The Chronicles of the 4.5 Gang opened to widespread critical acclaim upon its release.

The Indian Express hailed it as "the best Malayalam series yet," praising Krishand’s inventive storytelling and the way he redefined the gangster genre on streaming platforms.

The Hindu described the series as "clever and entertaining," highlighting its sharp writing and the director’s unique ability to balance crime and satire.

The New Indian Express called it "an audacious gangster epic told with mischief and bite," commending the ensemble cast and its daring narrative choices.

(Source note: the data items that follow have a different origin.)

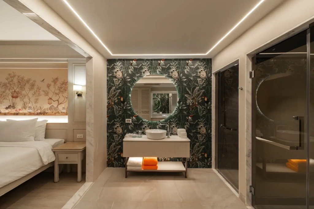 В номере естьт душ, телевизор, мини-бар, халат и тапочки. Оснащение зависит от выбранной категории номера.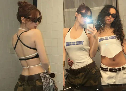 In the photo released, Momo is taking a mirror selfie in a place where white-toned tiles stand out. Especially, it is her unconventional top that overwhelms the eyes. Wearing a backless top supported by a few strands of thin straps, Momo showed off her slim, smooth and solid back line. By matching camouflage-patterned pants with brown belts and sunglasses, Momo showed off her hip and sexy appearance.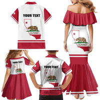 Personalized California Republic Family Matching Mermaid Dress and Hawaiian Shirt Red Star The Bear Flag

The News Minute echoed this sentiment, writing that the show is "crooked, funny, and oddly endearing," applauding its quirky tone.

According to The Times of India, the series successfully "gets its formula right," offering a refreshing take on the gangster saga format in Malayalam web content.

The Week compared it to Gangs of Wasseypur, labeling it "Malayalam cinema’s answer" to the cult Hindi franchise, particularly admiring its scale and ambition.

OTTplay praised the series as "wacky" and "stamped with Krishand’s signature style."

Times Now described it as "an amusing series that gets its formula right."